Кто то сказал, что капитан Тушин стоит здесь у самой деревни, и что за ним уже послано.
– Да вот вы были, – сказал князь Багратион, обращаясь к князю Андрею.
– Как же, мы вместе немного не съехались, – сказал дежурный штаб офицер, приятно улыбаясь Болконскому.
– Я не имел удовольствия вас видеть, – холодно и отрывисто сказал князь Андрей.
Все молчали. На пороге показался Тушин, робко пробиравшийся из за спин генералов. Обходя генералов в тесной избе, сконфуженный, как и всегда, при виде начальства, Тушин не рассмотрел древка знамени и спотыкнулся на него. Несколько голосов засмеялось.

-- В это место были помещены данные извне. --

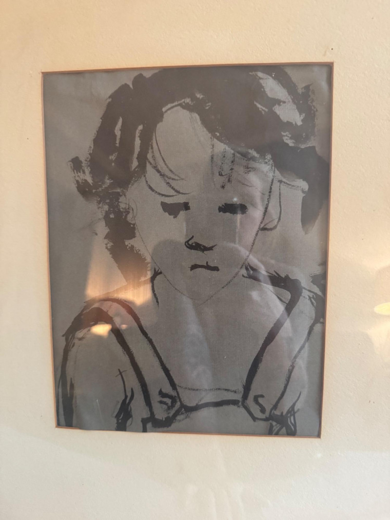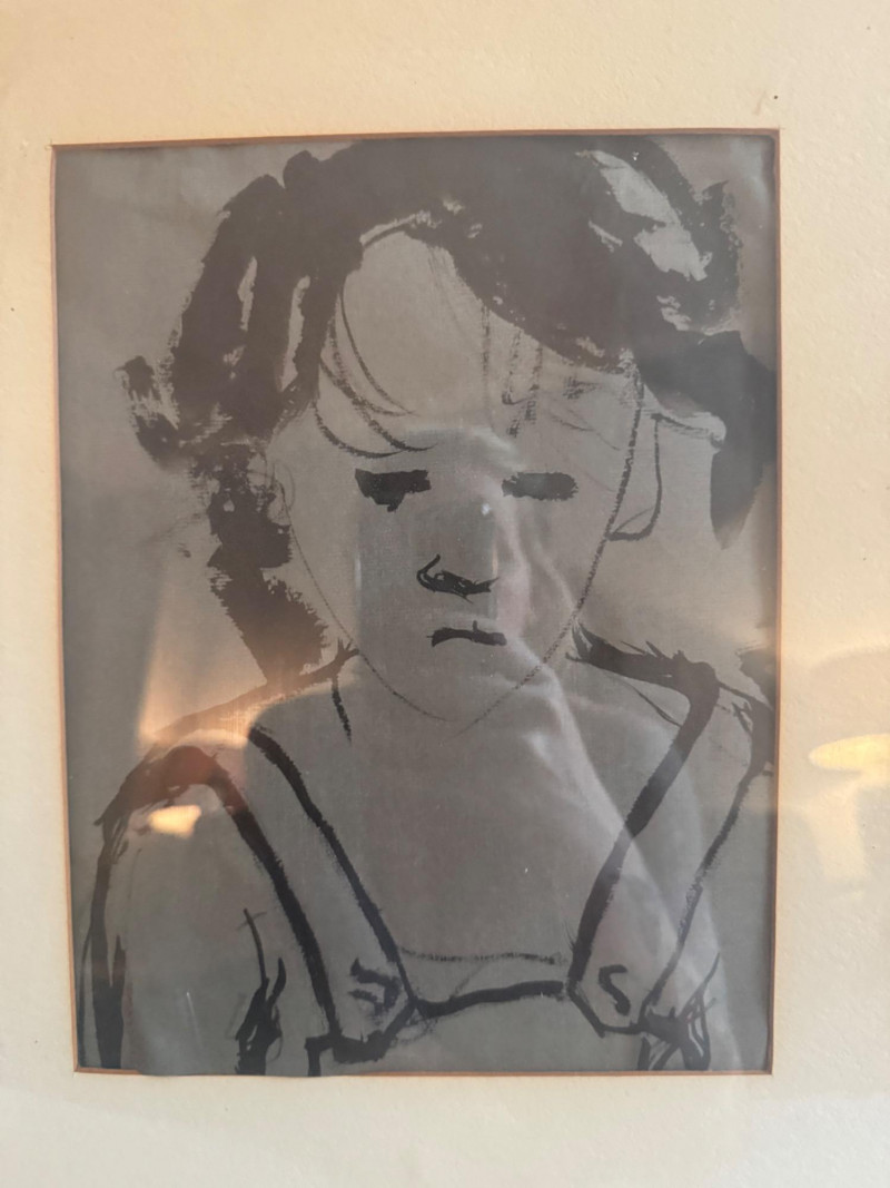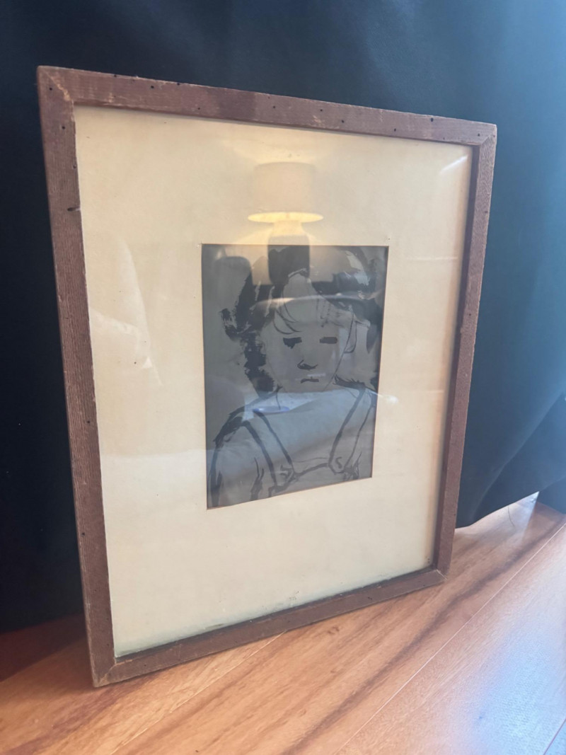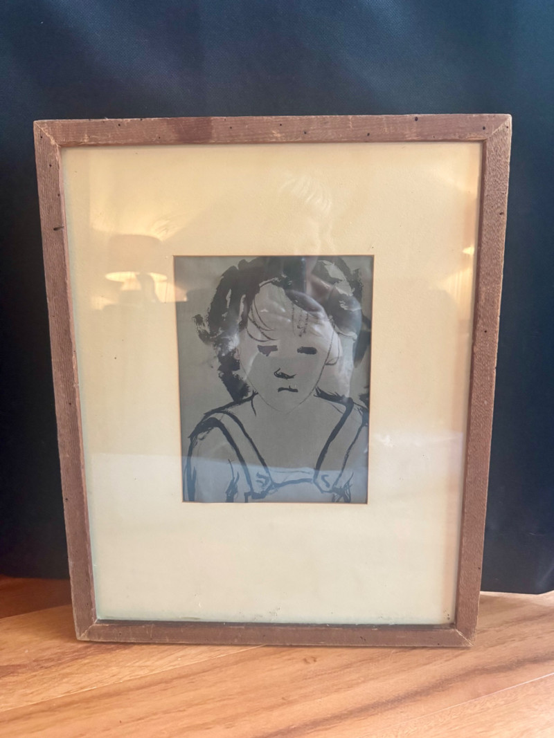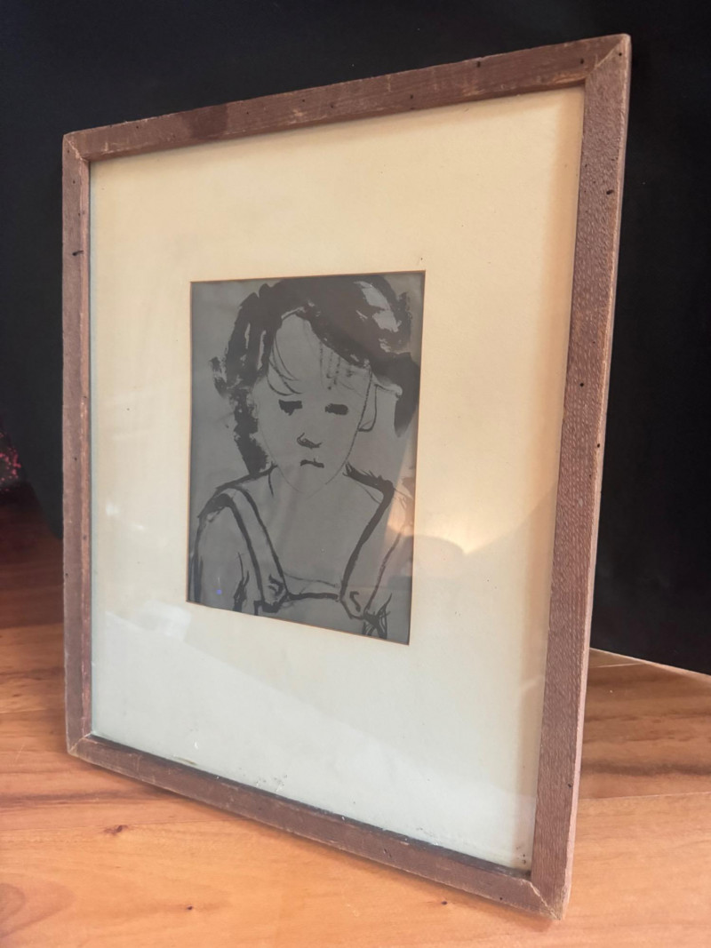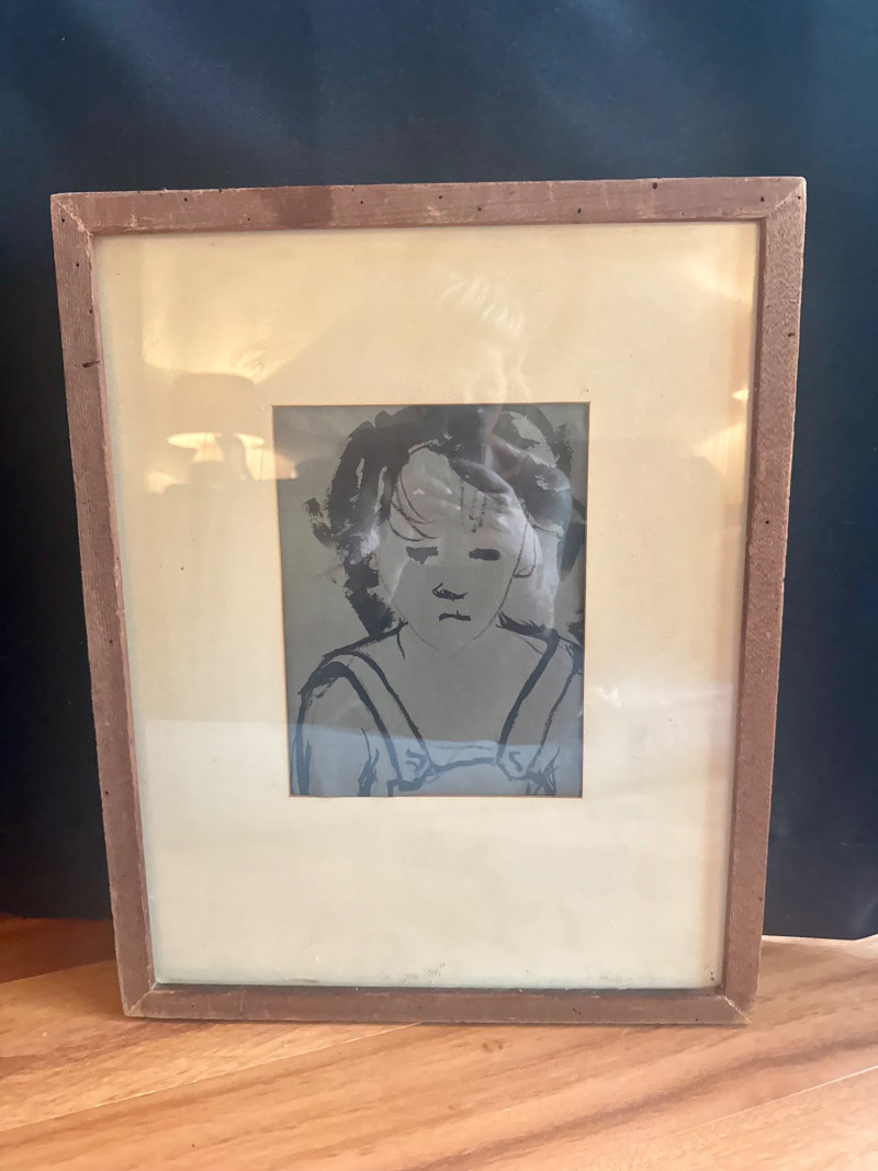 Vintage Framed Child Portrait Print – Black & White. 17” x 21”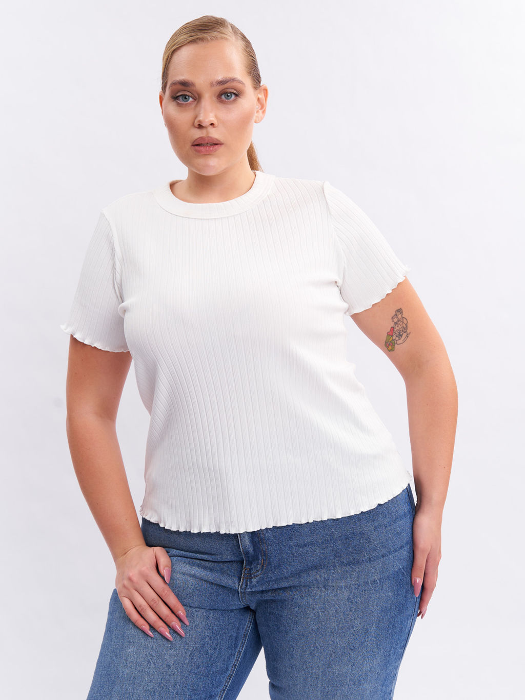 Описание товара Женская футбола больших размеров в рубчик из трикотажа "Лапша"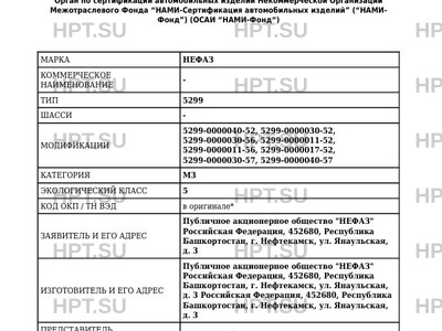 Заявитель Публичное акционерное общество "НЕФАЗ". Российская Федерация, 452680, Республика Башкортостан, г. Нефтекамск, ул. Янаульская, д. 3. ОГРН: 1020201881116. Тел. 7 (34783) 2-35-61. Факс +7 (34783) 2-32-16. Email nefaz@nefaz.ru.
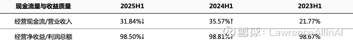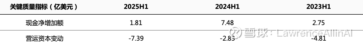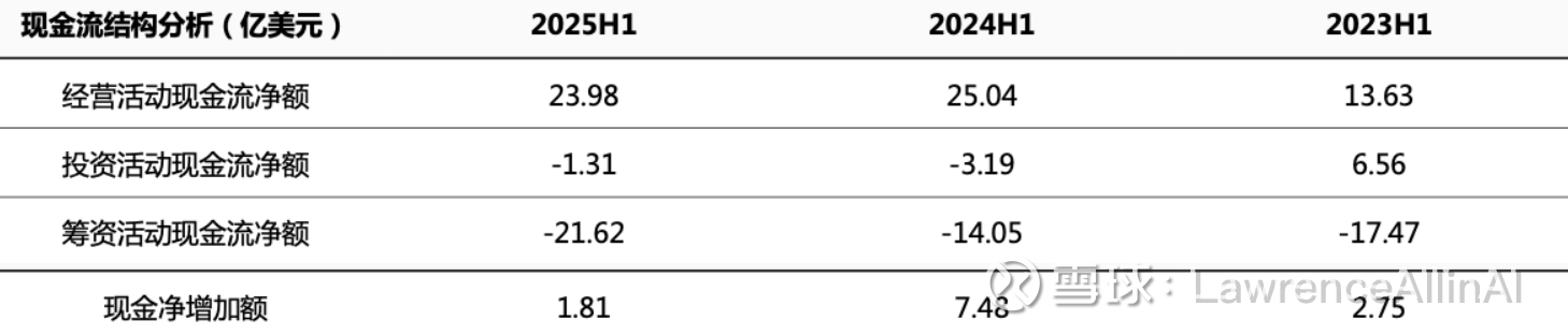 1.经营造血能力波动但整体稳健:经营活动现金流净额2023H1至2024H1增长83.6%,2025H1虽小幅下降4.2%,仍保持较高水平(23.98亿美元),反映核心业务造血能力较强。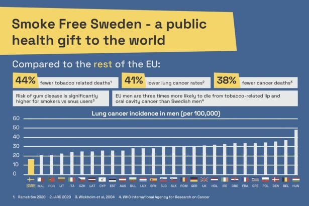 وكانت الحكومة السويدية قد أعلنت تنفيذها العديد من البرامج التثقيفية لمواطنيها، للتوعية بمخاطر التدخين، والتي تتضمن إتاحة تداول منتجات التدخين البديلة، سواء السجائر الإلكترونية أو التبغ المسخن وغيرها من منتجات حديثة أثبتت العديد من الدراسات العلمية أنها أقل خطورة مقارنة بالسجائر التقليدية، بجانب نشر المعلومات الموثوقة الخاصة بالمنتجات الحديثة، لمساعدتهم على الإقلاع.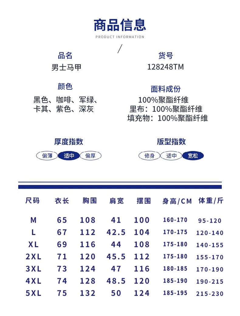商品名称:曼西尔奴男士保暖休闲立领外穿通勤休闲居家百搭马甲128248TM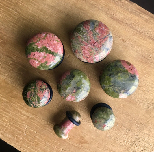 PAIR of Single Flare Unakite Stone Plugs with O-Rings - Gauges 4g (5mm) up to 5/8" (16mm)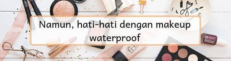 Sebagian makeup memiliki kandungan waterproof, yang artinya nggak akan pudar bila terkena air, seperti lipstik dan mascara. Maka ini yang harus kamu perhatikan, Bela. Melansir dari The National, makeup waterproof boleh jadi dapat membatalkan ibadahmu. Sebab, air wudu nggak dapat masuk ke dalam kulit karena terhalang oleh waterproof makeup. Jadi ketika ingin solat, disarankan untuk menghapus makeup terlebih dahulu.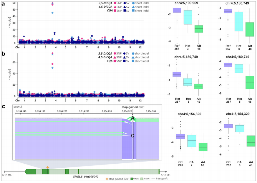 研究进一步探讨了茄子中绿原酸及其衍生物的代谢机制,通过全基因组关联分析识别了8个QTL,最强的位于染色体6,但未发现明确的候选基因。研究表明环境因素,如温度和光照,可能影响绿原酸的合成。此外,研究在染色体4(4.88-5.55Mb)上鉴定了一个主要QTL,显著影响茄子果皮和果肉中的异绿原酸含量。该区域内发现了SMEL5_04g005040基因,携带突变导致蛋白质非功能化。分析显示,高异绿原酸含量的茄子种质携带一个单倍型,而低含量的种质则携带另一种。大多数野生亲缘种(如S.insanum、S.incanum)天然积累较高水平的异绿原酸,并携带高积累单倍型,只有S.incanumGPE008640携带低积累单倍型。作者认为SMEL5_04g005040是决定茄子及其野生亲缘种异绿原酸含量的关键基因。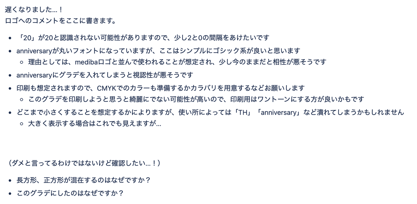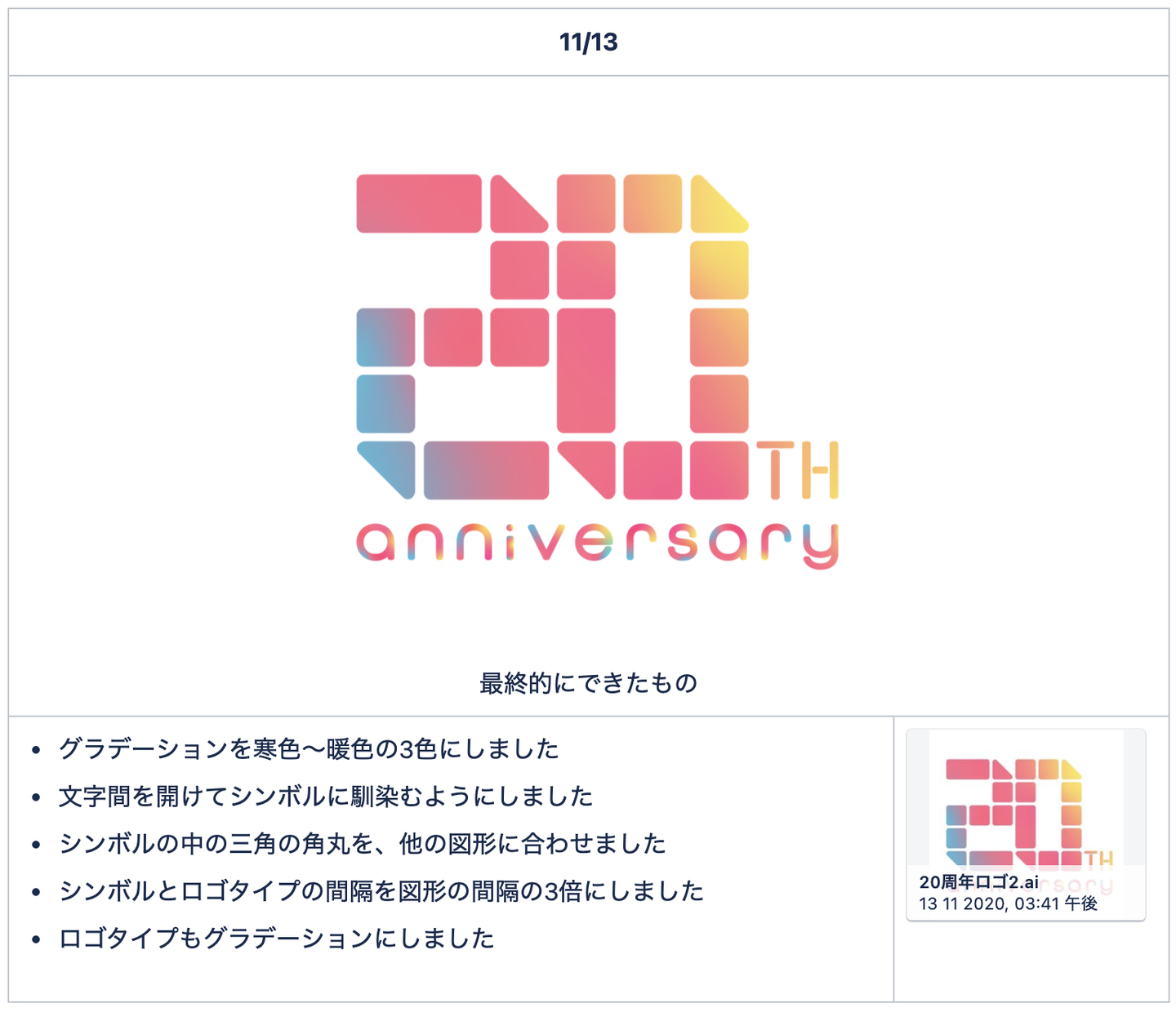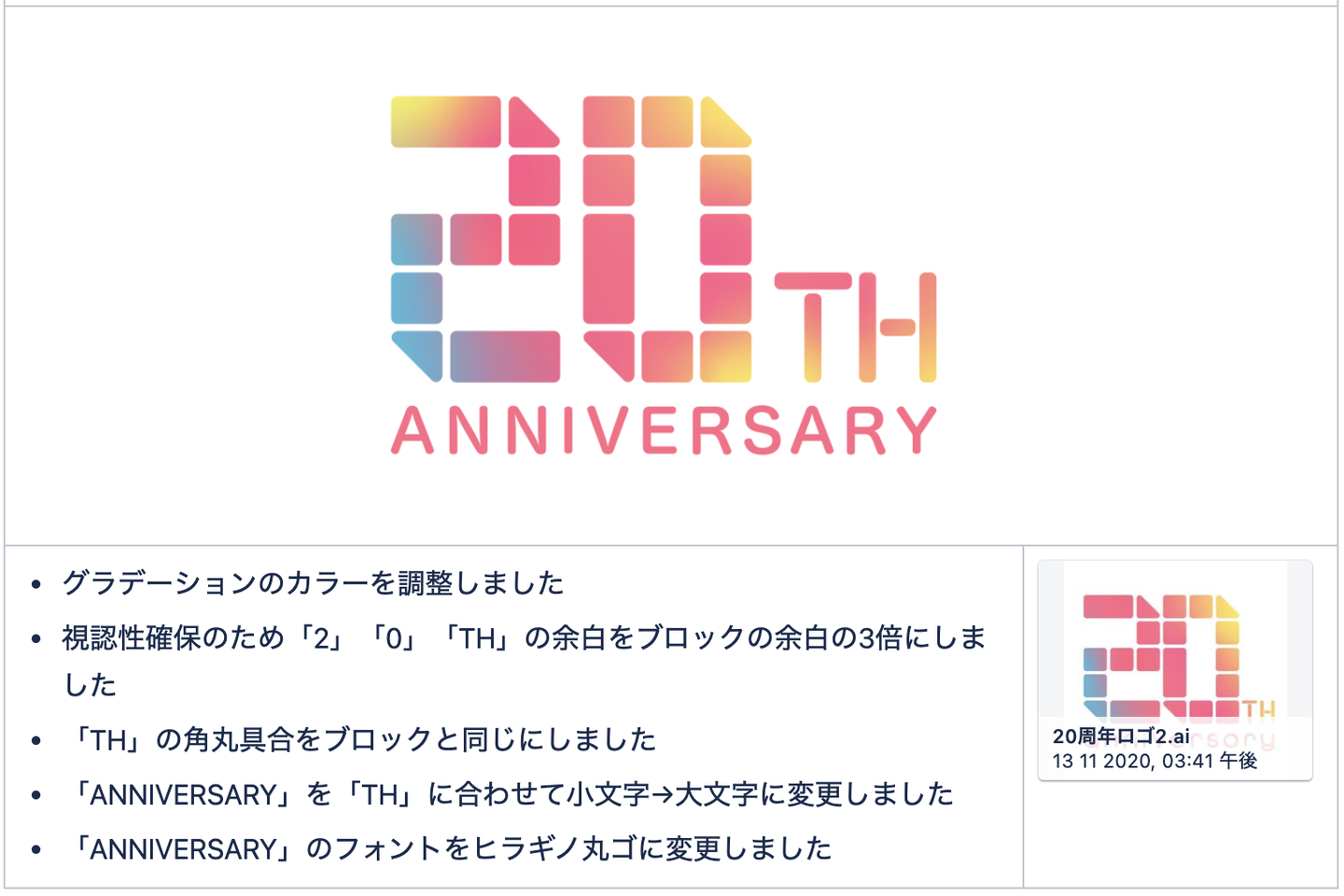 直球の質問だけでなく、20周年に関する質問をいくつか設けることで、ロゴへ込めたい思いをしっかりと聞かせてもらうことができました。感謝です。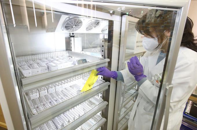 4일 오전 서울 종로구 서울대어린이병원 임상강의실에서 의료진이 아스트라제네카(AZ) 코로나19 백신 1차 접종을 위해 백신 전용 냉장고에서 백신을 꺼내고 있다. [사진공동취재단]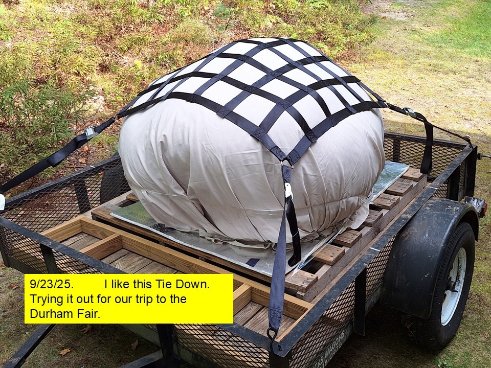 We are testing our new Pumpkin Tie Downs for our trip to todays weigh-off at the Durham Fair. Got them on Amazon. All the growers I talked to seem to like their set.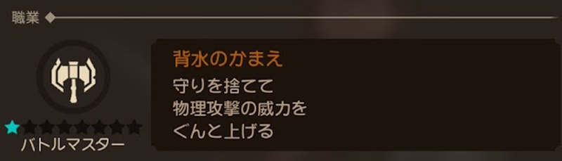 - 背水のかまえ(守りを捨てて物理攻撃の威力をぐんと上げる)

– Каким образом орудие оставлено? – спросил Багратион, нахмурившись не столько на капитана, сколько на смеявшихся, в числе которых громче всех слышался голос Жеркова.
Тушину теперь только, при виде грозного начальства, во всем ужасе представилась его вина и позор в том, что он, оставшись жив, потерял два орудия. Он так был взволнован, что до сей минуты не успел подумать об этом. Смех офицеров еще больше сбил его с толку. Он стоял перед Багратионом с дрожащею нижнею челюстью и едва проговорил:
– Не знаю… ваше сиятельство… людей не было, ваше сиятельство.
– Вы бы могли из прикрытия взять!
Что прикрытия не было, этого не сказал Тушин, хотя это была сущая правда. Он боялся подвести этим другого начальника и молча, остановившимися глазами, смотрел прямо в лицо Багратиону, как смотрит сбившийся ученик в глаза экзаменатору.
Молчание было довольно продолжительно. Князь Багратион, видимо, не желая быть строгим, не находился, что сказать; остальные не смели вмешаться в разговор. Князь Андрей исподлобья смотрел на Тушина, и пальцы его рук нервически двигались.
– Ваше сиятельство, – прервал князь Андрей молчание своим резким голосом, – вы меня изволили послать к батарее капитана Тушина. Я был там и нашел две трети людей и лошадей перебитыми, два орудия исковерканными, и прикрытия никакого.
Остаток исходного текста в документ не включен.